The CBDD was originally conceived as a digital divide organization dedicated to bringing opportunities to rural communities in Washington State. An early initiative included a teleworking project aimed at bringing information based jobs to communities struggling with the loss of natural resource based jobs. In 2002, The Bill and Melinda Gates Foundation contracted with the CBDD to facilitate the start-up of six High Tech High Schools in rural Washington. At this time the CBDD also expanded its role within University Extension by managing 4-H technology programs throughout the state of Washington.

=== International expansion ===

Expansion into international initiatives and the ICT4D community significantly changed overall makeup. In 2002 the Center contracted with USAID to develop and manage the $3.5 million NetTel@Africa project. NetTel is a capacity building initiative that has made it possible for universities in eleven African nations to train and employ telecommunications regulators and policy makers. Since the conclusion of the NetTel initiative, the CBDD has expanded the model to reform higher education in Afghanistan through the Afghanistan eQuality Alliances.

=== Deeper integration into the University and state of Washington ===

In recent years, the Center to Bridge the Digital Divide was engaged in developing the Communities Connect Network, a statewide network focused on supporting and advancing community development in Washington state through the use of community technology. The Center also developed opportunities for university students to participate in service learning activities and international internships.

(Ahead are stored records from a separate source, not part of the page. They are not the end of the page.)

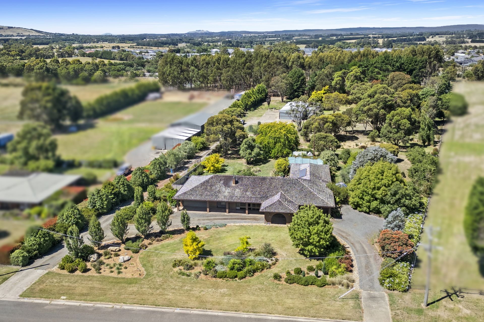 Nestled in the serene confines of Mitchell Park, this exquisite family home is set on a sprawling 2.27ha (approx) parcel of land, promising an idyllic lifestyle. Conveniently located just a stone's throw away from the Coltman Plaza, this residence offers easy access to all essential amenities. A short drive to Ballarat CBD and proximity to the Western Freeway makes this an ideal haven for families seeking both tranquility and urban connectivity. Welcoming you with an 80's brick veneer facade with full front veranda, the home boasts a horseshoe driveway leading to a carport and a DLUG, surrounded by meticulously maintained front gardens that exude warmth and charm. Upon entering, a feature brick archway frames the view of the back deck, setting the tone for the home's character. The sunken lounge, adorned with a wood fire and brick feature walls, adds a touch of charm to this unique home. The dining area, overlooking the backyard, seamlessly connects to the well-appointed chef's kitchen boasting modern appliances, including gas stove, oven, dishwasher, dual sinks, soft-closing drawers, a wine rack, and a vast servery bench all illuminated by the skylight above. This inviting abode comprises five spacious bedrooms, the master suite boasts a walk-in robe and a private ensuite with a capacious shower, floating vanity, and toilet. The remaining bedrooms, two with built-in robes, share an additional dining area, rumpus and family bathroom featuring a bath, vanity, a separate shower, and powder room. Central heating and cooling, along with three split systems, ensure year-round comfort for all occupants. Step outside to your personal oasis, where an outdoor entertaining deck awaits, perfect for hosting guests. The backyard is adorned with a fernery with fish ponds and a variety of flora, fruit trees and vegetable gardens providing an abundance of sustenance including apples, nectarines, pears, olives, and walnuts. Additionally a 5-bay shed with 3-phase power, woodshed, three water tanks and vast bush area beyond the gardens further enhance the outdoor experience. Further features of the home include a central vacuum system and multiple linen cupboards throughout. This property offers not just a home but a lifestyle, where modern comfort meets natural beauty, creating the perfect setting for your family to thrive. Be quick to schedule in your inspection as this one is sure to be popular!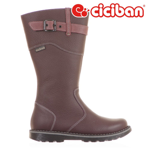 Full grain leather girl's riding boot, handmade in Europe. Rich prune colour. Smooth leather with warm fleece lining, and leather insole.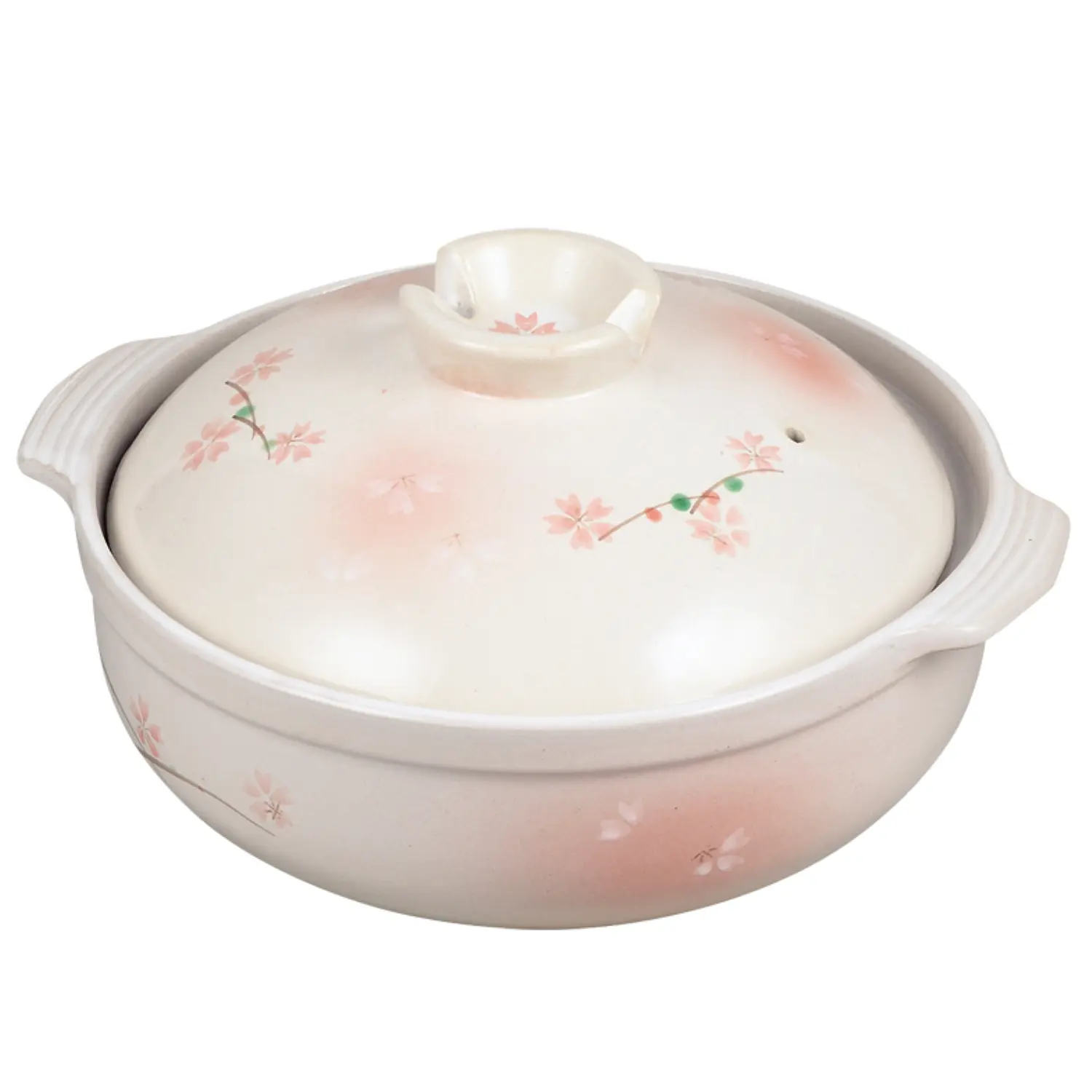 Earthenware pot No. 9, for 4-5 persons, with a light cherry blossom pattern that is uniquely Japanese.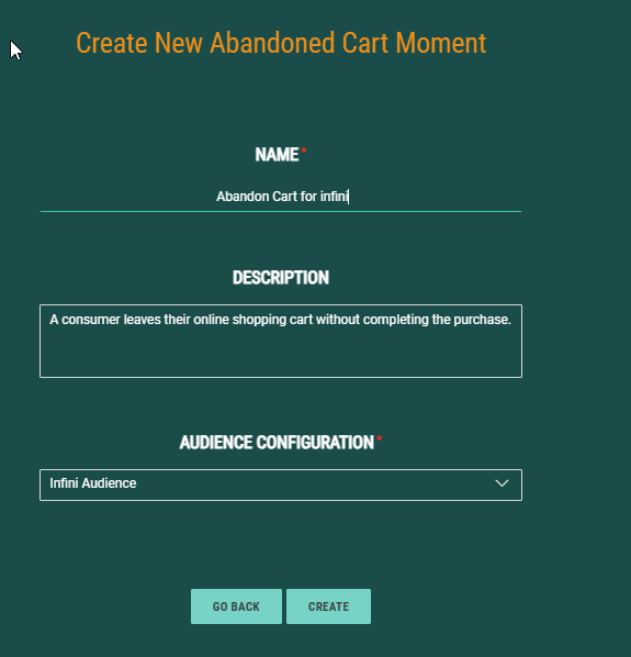 Define first the Cart Abandon Moment. Give it a name and description and select the Audience configuration that applies to this Moment.![]()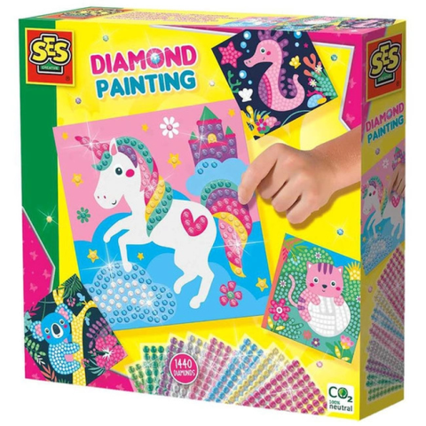 SES Gyémántfestés - Boldog állatok Ajánlott 3-6 éves korig lányoknak [Cikkszám 78706]A SES Creative márka, amely holland eredetű, több mint 40 éve foglalkozik kreatív játékok, köztük kézműves, festő- és barkácsjátékok fejlesztésével, kifejezetten gyerekek számára. A gyémántfestő készlet tökéletes választás a kis alkotók számára, hiszen a játék szórakoztató módon segíti a motoros készségek és a kreativitás fejlődését. Az extra nagyszámú gyé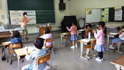 9月27日 1・2年音楽 公開日 2021/09/27 更新日 2021/09/27 各学年から 9月27日 1・2年音楽 「いるかはざんぶらこ」の曲に合わせて、「タン ウン ウン」と「ウン タン タン」に分かれて拍を打っています。「ウン タン タン」を打つ方が難しいと言いながら、積極的にチャレンジしていました。 1年 2年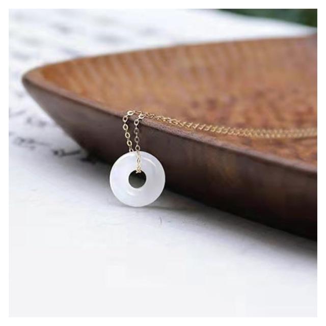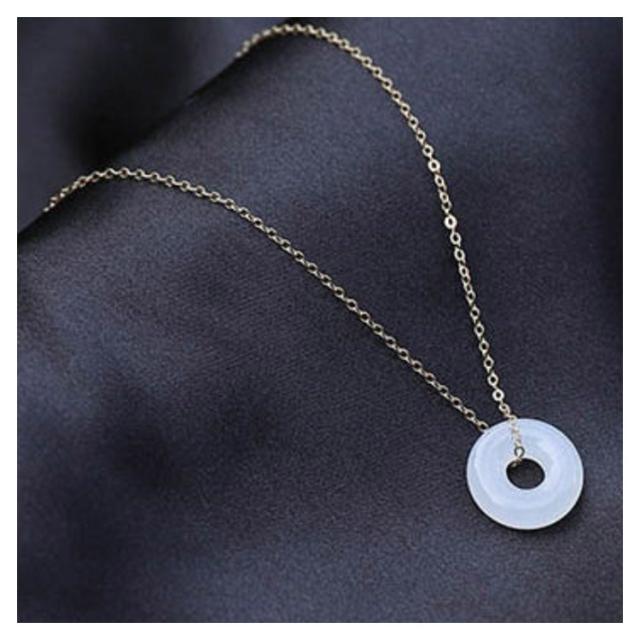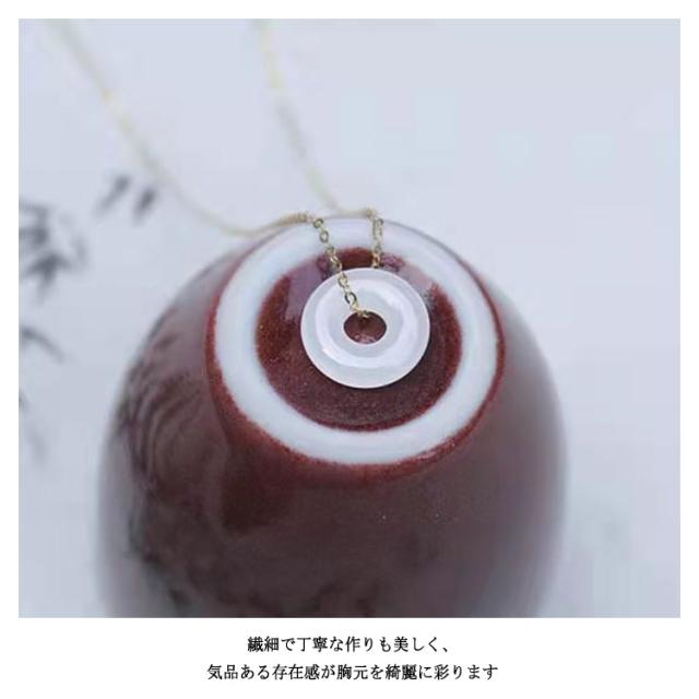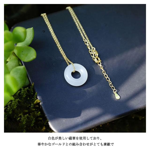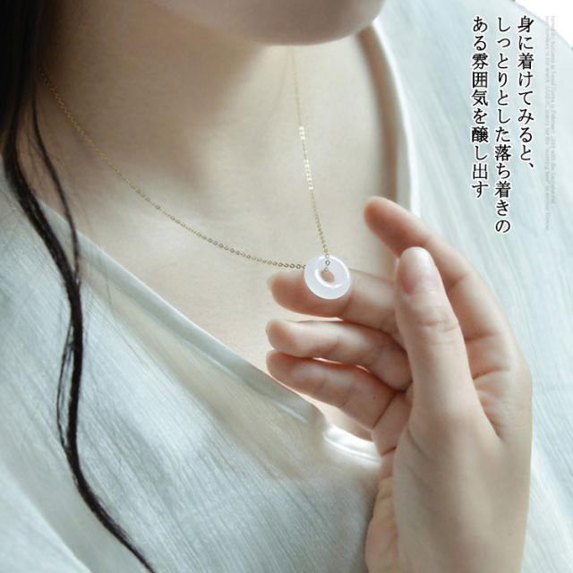 | 身に着けてみると、しっとりとした落ち着きのある雰囲気を醸し出す。 大人の女性に相応しい上質な天然石が肌を美しく見せ、しっくりと馴染みます。 白色が美しい翡翠を使用しており、華やかなゴールドとの組み合わせがとても素敵です。 繊細で丁寧な作りも美しく、気品ある存在感が胸元を綺麗に彩ります。 チェーンは金属アレルギーを起こしにくいステンレスを使用しており、金属アレルギーの方でも安心してご利用いただけます。 | |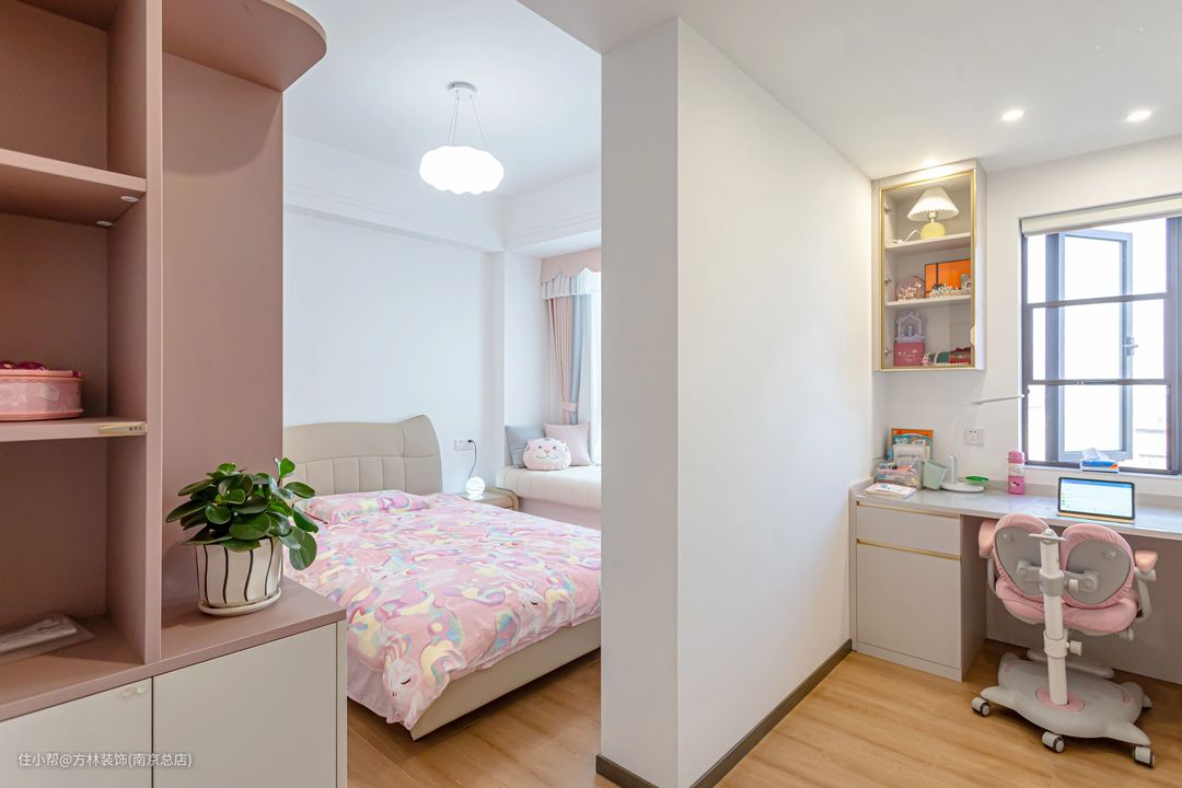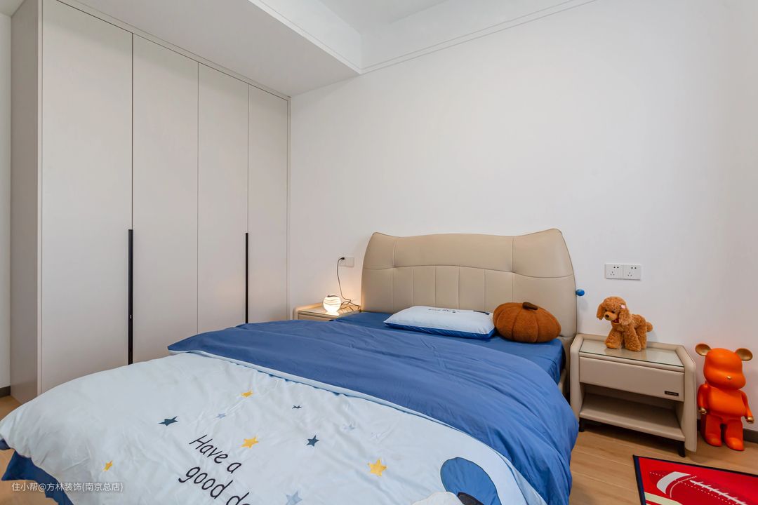 在可爱温柔的女孩房中,采用组合猫猫元素的床头,纯色背景墙玩偶收纳装饰,以及台灯也点缀着的有趣向往,均为空间注入了简约舒适,又充满少女浪漫的情结氛围。男孩房延续了相同的空间布局,窗户在细节的转变中加入书桌的设定,让男孩房也多了一个学习娱乐的场所。浅淡的卧室中加入蓝色的装饰,抱枕、椅子、窗帘与床品,细节的展现也为休息空间营造出清新而惬意的氛围。

Beginning in 2007, the CBDD's projects were organized into three thematic workgroups:

1. The Rural Networks group - involved in programming designed to empower families, individuals and communities to successfully participate in opportunities enabled through access and use of information communication technologies.
2. The Digital Futures Networks workgroup - tasked to work with culturally diverse communities with a special emphasis on research.
3. The Global Networks workgroup - seeks solutions to challenges in developing nations through international alliances that expand capacity of higher education to meet knowledge and human resource needs.

== Partnerships ==

Reliance on an extensive network of partnerships was a governing principle of CBDD activities. In addition to the network of professionals within WSU Extension, the CBDD worked closely with The Bill and Melinda Gates Foundation, USAID, The Northwest Area Foundation, The US Department of State, many leaders in Washington state's rural communities, thirty six African universities, government ministries in partnering countries, as well as organizations from both the public and private sector.

== Activities ==

Although projects comprise the CBDD's foundation, Center staff are engaged in a wide variety of activities. The CBDD director addressed W3C meetings on several occasions. CBDD staff are frequent contributors to conferences, professional journals, broadcasts, and private consulting.